FIPS 140-2 → 140-3: The Sept 21, 2026 Sunset and Control 3.13.11

A quiet but real deadline for anyone encrypting CUI. What moves on September 21, 2026 — and what it means for new systems.

If you handle CUI, one NIST 800-171 control quietly depends on a date most people haven't noticed: September 21, 2026. That's when NIST's Cryptographic Module Validation Program (CMVP) moves all FIPS 140-2 certificates to its Historical List. It won't break your existing systems overnight — but it changes the math for anything new you stand up. Here's the practical version.

Why this matters for CMMC at all

NIST SP 800-171 control 3.13.11 requires you to employ FIPS-validated cryptography when used to protect the confidentiality of CUI. The operative word is validated — not "encrypted," not "FIPS-compliant," but cryptography from a module that NIST's CMVP has actually validated and listed. That's why the status of FIPS 140-2 certificates is a CMMC question, not just an IT trivia question.

Validated ≠ compliant. A vendor saying their product is "FIPS compliant" is not the same as a module appearing on the CMVP validated list. For control 3.13.11, only a module on the CMVP list counts. Always confirm the specific module and certificate, not the marketing.

What actually happens on September 21, 2026

On that date, every FIPS 140-2 module certificate moves to the Historical List. Two consequences matter:

So the honest framing is: not a cliff for what you already run, but a closing door for what you build next.

140-2 vs 140-3, briefly

 FIPS 140-2FIPS 140-3
StatusSuperseded; certificates moving to Historical List (Sept 21, 2026)Current standard going forward
TimelineLong-standing; new validations stoppedApproved 2019; CMVP validating modules since Sept 2020
For control 3.13.11Counts while validated; lifecycle now limitedThe forward-looking choice for new deployments

For the everyday CUI use case — encrypting data at rest and in transit — both represent validated cryptography. The difference that matters today is lifecycle, not capability.

What to do about it

  1. For new environments, prefer modules with a current FIPS 140-3 validation, and verify the exact module on the CMVP validated modules list before you commit.
  2. For existing systems, don't panic-rip-and-replace. Document what you run, confirm it was validated, and plan refreshes toward 140-3 on your normal lifecycle — not in a fire drill.
  3. Mind your boundary. Wherever CUI is processed, stored, or transmitted (your CUI scope), the cryptography protecting it needs to be validated. That includes the cloud and endpoints in scope, not just the file server.
  4. Keep your SSP honest. Your System Security Plan should name the specific validated modules you rely on for 3.13.11 — vague "we use encryption" language is exactly what fails at assessment.
Related control to check while you're here: 3.13.8 (protect the confidentiality of CUI in transit). FIPS-validated cryptography is how you satisfy both 3.13.8 and 3.13.11 in practice.

See where your cryptography controls actually stand

3.13.11 is one of 110. Run the full self-assessment free and find out which controls — crypto or otherwise — are costing you the most points. About 10 minutes, no signup.

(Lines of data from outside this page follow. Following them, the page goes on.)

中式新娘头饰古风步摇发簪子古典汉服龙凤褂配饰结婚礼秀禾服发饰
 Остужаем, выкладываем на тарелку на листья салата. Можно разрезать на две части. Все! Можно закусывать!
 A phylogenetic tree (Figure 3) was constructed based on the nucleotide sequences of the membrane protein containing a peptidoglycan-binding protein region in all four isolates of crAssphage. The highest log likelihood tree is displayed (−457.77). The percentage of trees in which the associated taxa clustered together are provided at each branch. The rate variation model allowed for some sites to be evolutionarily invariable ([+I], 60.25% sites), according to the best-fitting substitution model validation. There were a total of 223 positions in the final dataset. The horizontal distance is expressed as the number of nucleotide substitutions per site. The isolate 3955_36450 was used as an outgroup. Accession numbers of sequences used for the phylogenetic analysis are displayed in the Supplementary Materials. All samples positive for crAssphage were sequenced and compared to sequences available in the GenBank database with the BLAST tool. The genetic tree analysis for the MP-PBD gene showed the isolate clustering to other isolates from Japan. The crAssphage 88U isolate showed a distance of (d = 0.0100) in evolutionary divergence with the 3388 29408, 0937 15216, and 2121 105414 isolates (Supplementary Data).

Calculate your SPRS score free →

The bottom line

September 21, 2026 isn't a reason to tear apart a working environment. It's a reason to stop deploying new systems on cryptography that's about to age out, and to make sure your 3.13.11 story names real, validated modules. Treat it as a lifecycle planning date, document accurately, and you're ahead of most.

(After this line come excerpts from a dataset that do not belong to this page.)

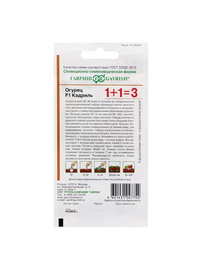 Скороспелый (43-48 дней от всходов до плодоношения) партенокарпический гибрид преимущественно женского типа цветения для выращивания в открытом и защищенном грунте, а также под временными пленочными укрытиями. Зеленец длиной 10-12 см, массой 90-100 г, частобугорчатый, белошипый, очень прочный. Гибрид отличается дружной отдачей урожая благодаря очень большим букетам завязей в узлах на главном побеге (до 8-10 штук). Использование плодов универсальное (в свежем виде, для маринования, засолки). Гибрид относительно устойчив к настоящей и ложной мучнистой росе. Отличительная особенность – холодостойкость. Урожайность одного растения 6,0-7,0 кг.
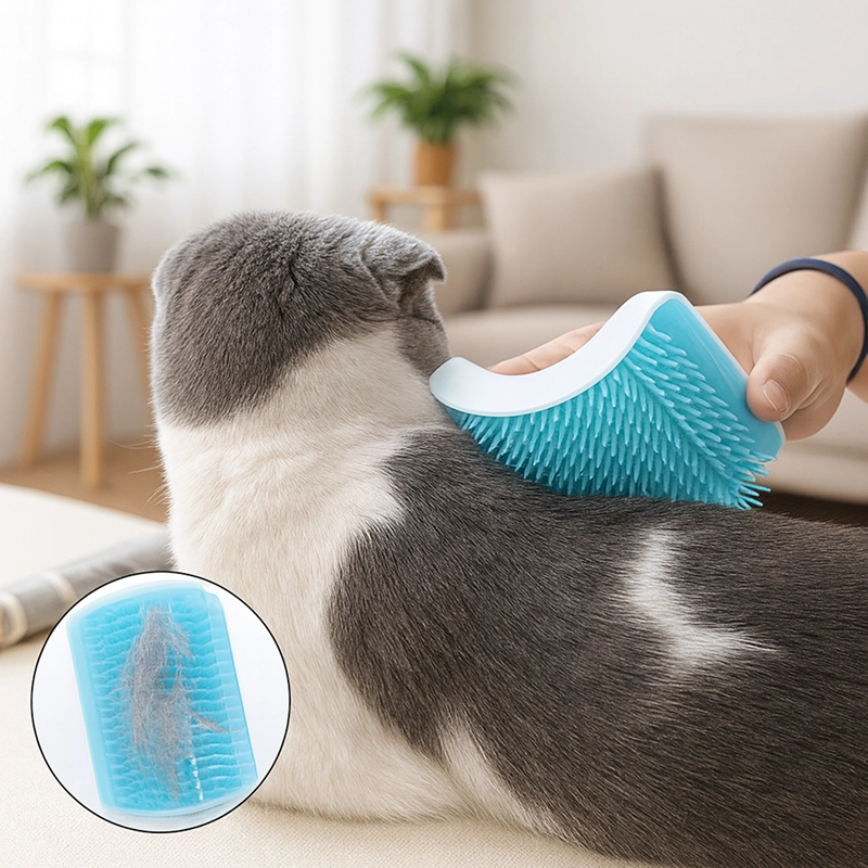 Primdog Kattehjørnebørsten fjerner løse hår, mens dit kæledyr nyder blide strøg. Børster hjælper med at holde overflader rene og pæne hver dag. Vælg en farve, der passer til dit rum, og gør soigneringen nem for alle.
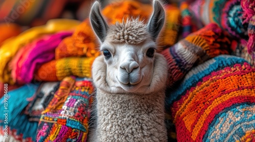 Obraz premium Adorable Alpaca Amidst Vibrant Andean Textiles
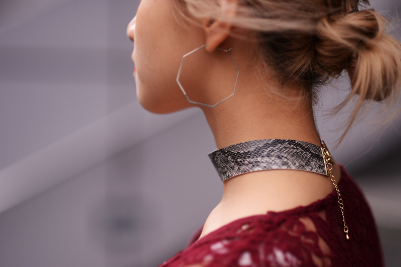パイソン柄をベルトと首元に。秋っぽくワインレッドの長めの袖。
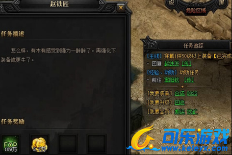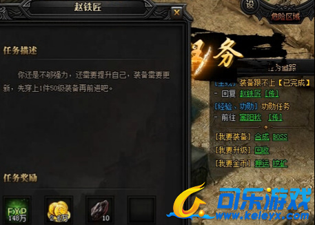 之后,赵铁匠继续对玩家说。赵铁匠:你还是不够强力,还需要提升自己,装备需要更新,先穿上1件50级装备再前进吧。任务奖励:经验*148万,金币*2.6万,黑铁矿石*10个。
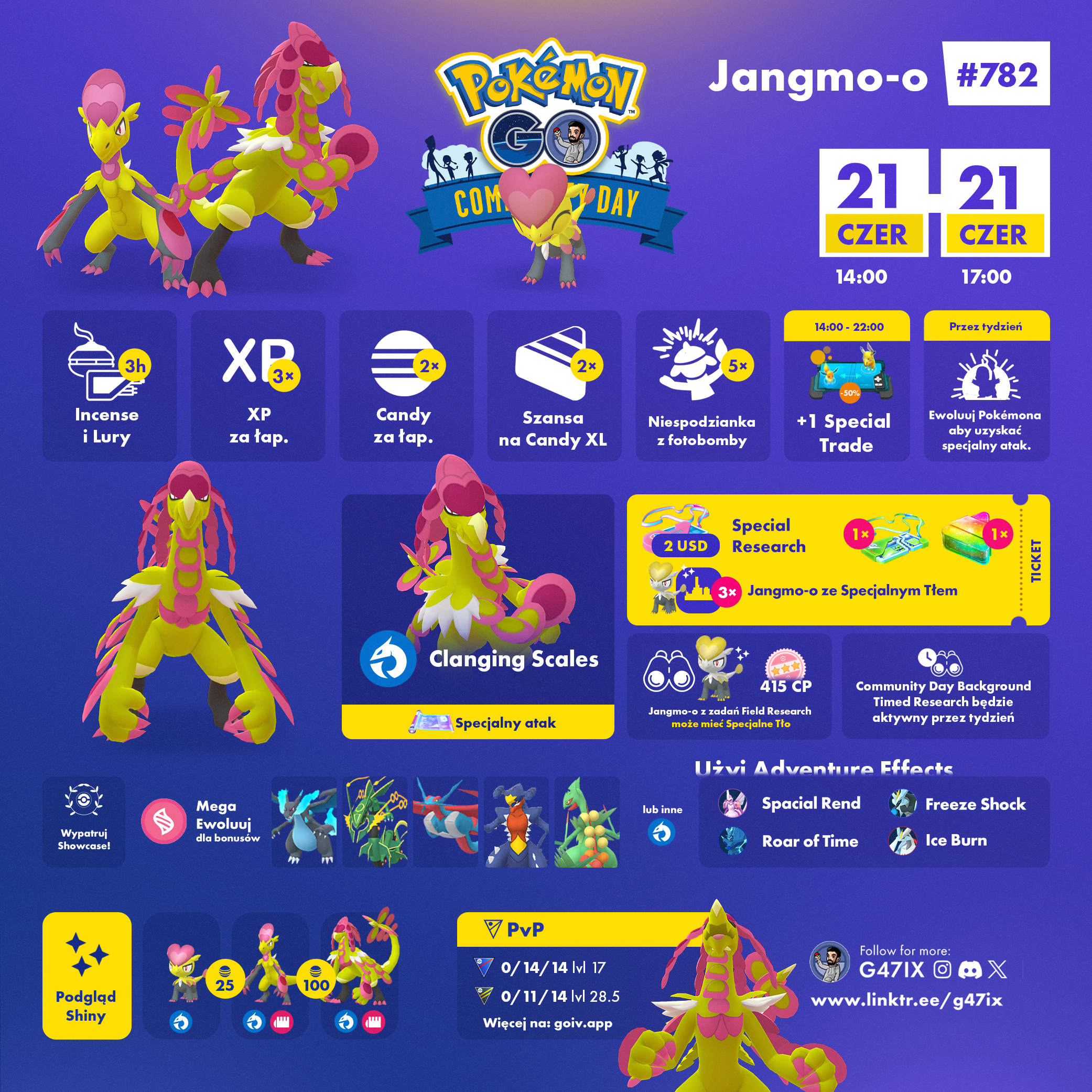 To jednak nie koniec atrakcji! Jeśli w trakcie wydarzenia lub do godziny 22:00 tego samego dnia ewoluuje się Jangmo-o przez Hakamo-o w Kommo-o, otrzymany Pokémon będzie znał ekskluzywny atak ładowany Clanging Scales. Atak ten zadaje 120 punktów obrażeń zarówno w walkach trenerów, jak i w Gymach oraz raidach. W przypadku PvP dodatkowo obniża obronę przeciwnika o jeden poziom.
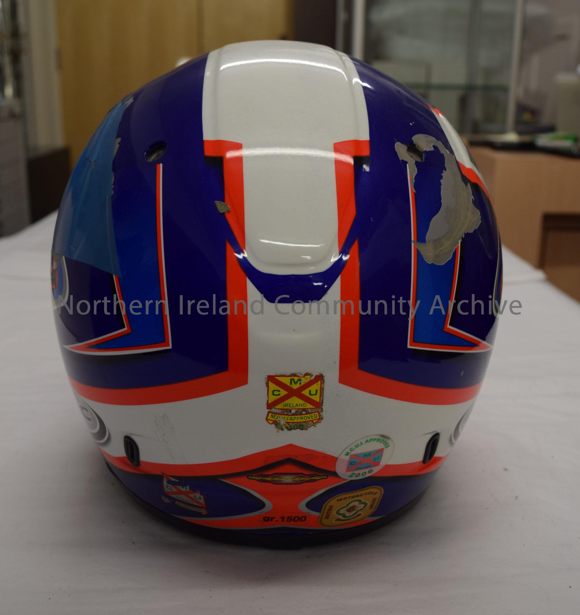 KBC motorcycle helmet belonging to James Christie. Dark blue helmet with white stripe down the middle and a blue, bright orange, white and silver pattern across it.
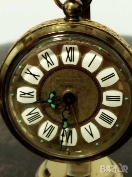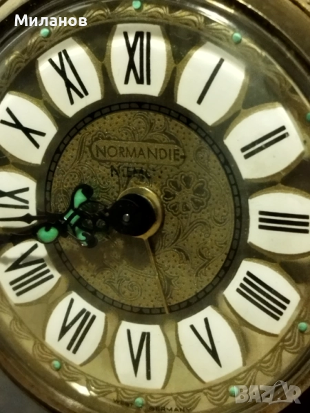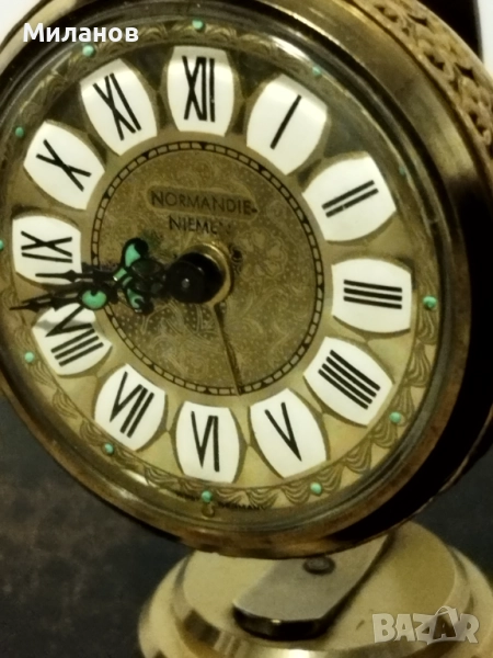 Стар малък френски будилник Normandie, отремонтиран и смазан.Работи и звъни.Диаметър-59 милиметра, комплект със стойката.Месингов.Номер на часовника-126260
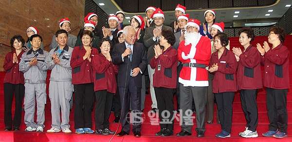 24일 국회 로텐더홀에서 민주당 을지로위원회 주최로 열린 '국회 청소노동자와 함께하는 크리스마스 이벤트' 에서 김한길 민주당 대표가 비정규직 노동자들에게 인사말을 하고 있다. 정대웅 기자 photo@ilyoseoul.co.kr 정대웅 기자 photo@ilyoseoul.co.kr 저작권자 © 일요서울i 무단전재 및 재배포 금지 정대웅 기자 다른기사 보기

FIPS 140-2 sunset — frequently asked

What happens on September 21, 2026?

NIST's CMVP moves all FIPS 140-2 certificates to the Historical List. Agencies can't rely on them for new procurement; existing deployments can keep using them.

Does this break my CMMC compliance?

Not automatically for systems already running validated 140-2 modules. The real impact is on new systems and new procurement, where current 140-3 validations are increasingly expected.

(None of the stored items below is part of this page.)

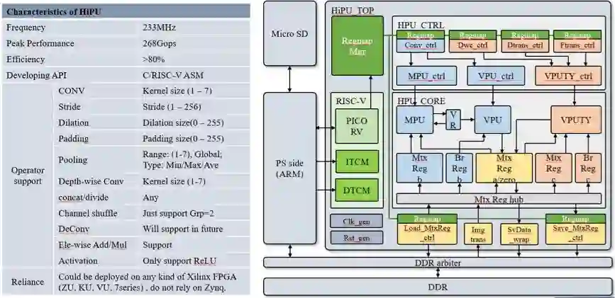 HiPU 是一款面向深度神经网络的通用加速器,完成了类似于英伟达的 NVDLA 与外部控制器的整合功能,并且在 FPGA 上的资源消耗与工作频率指标都有显著提升。由于西安交通大学人工智能与机器人研究所团队 (http://iair.xjtu.edu.cn) 主要面向专用集成电路 (AISC) 进行设计,其 FPGA 设计主要是进行功能的验证,因此,针对赛方提供的计算平台,我们需要对 HiPU 进行适当的裁剪,以适应 ZU3 的资源。图 3 所示为裁剪后的 HiPU 设计框图及其特性。在 Ultra96 板卡上,HiPU 可以在 233MHz 上运行,其峰值算力为 268Gops;采用 C/RISC-V 汇编作为编程接口,卷积效率平均在 80% 以上。
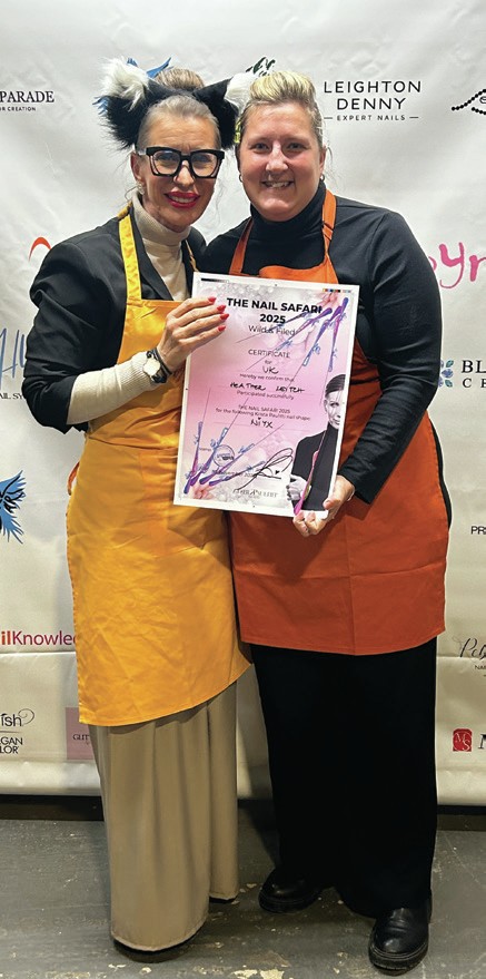 The afternoon session saw the return of award-winning nail stylist, Andreea Simona Ignat, to Nail Safari. She drew an enthusiastic crowd by showcasing how fast forms (also known as dual forms or reusable moulds) can transform a nail tech’s workflow. She covered natural nail analysis, correct form selection, placement, product choice, cure control and troubleshooting, while emphasising how the fast form technique creates refined, structured and uniform enhancements with minimal product waste. Andreea’s calm, clear teaching style made the technique feel achievable for all.
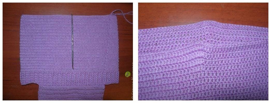 - Еще один немаловажный момент заключается в том, что при разделении вязания на четыре части, необходимо для задней связать несколько неполных рядов.
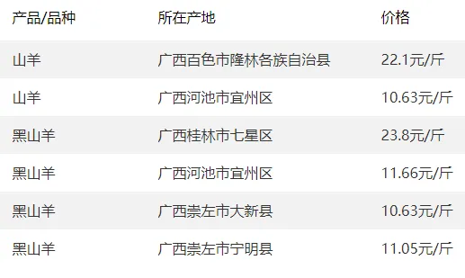 广西部分地区羊价
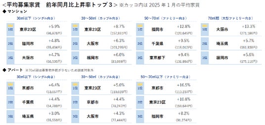 <2025年1月 全国主要都市における賃貸マンション・アパートの平均家賃(面積帯別)>
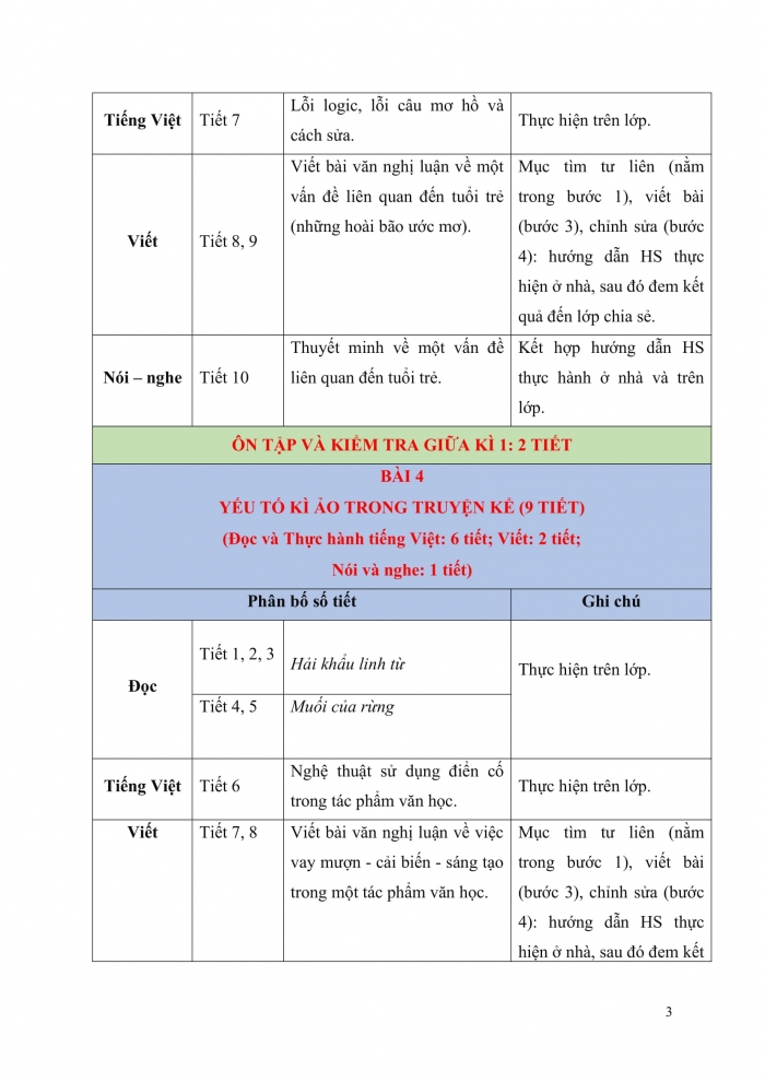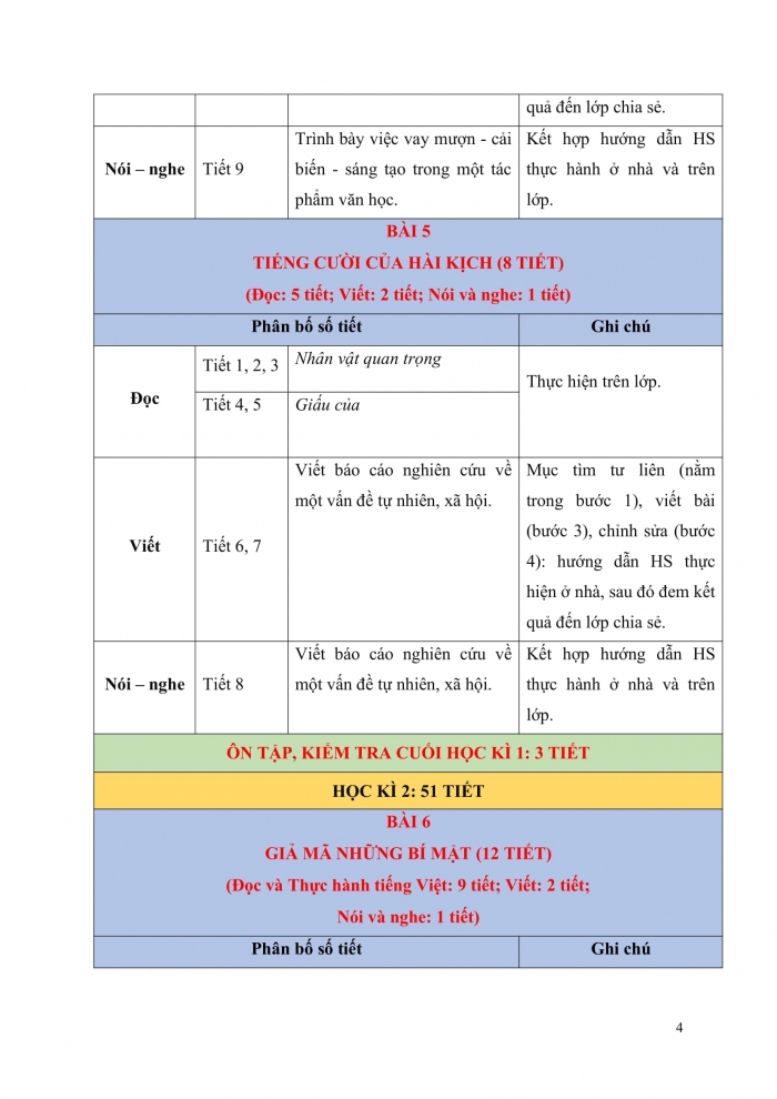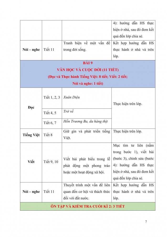 Nói – nghe | Tiết 9 | Trình bày việc vay mượn - cải biến - sáng tạo trong một tác phẩm văn học. | Kết hợp hướng dẫn HS thực hành ở nhà và trên lớp. |

What's the difference between 140-2 and 140-3?

140-3 is the current standard and supersedes 140-2 (approved 2019; CMVP validating since Sept 2020). For encrypting CUI, both are validated cryptography; the difference now is lifecycle.

What should I do for a new deployment?

Prefer modules with a current FIPS 140-3 validation and confirm them on the CMVP validated list — validated and "compliant" are not the same thing for control 3.13.11.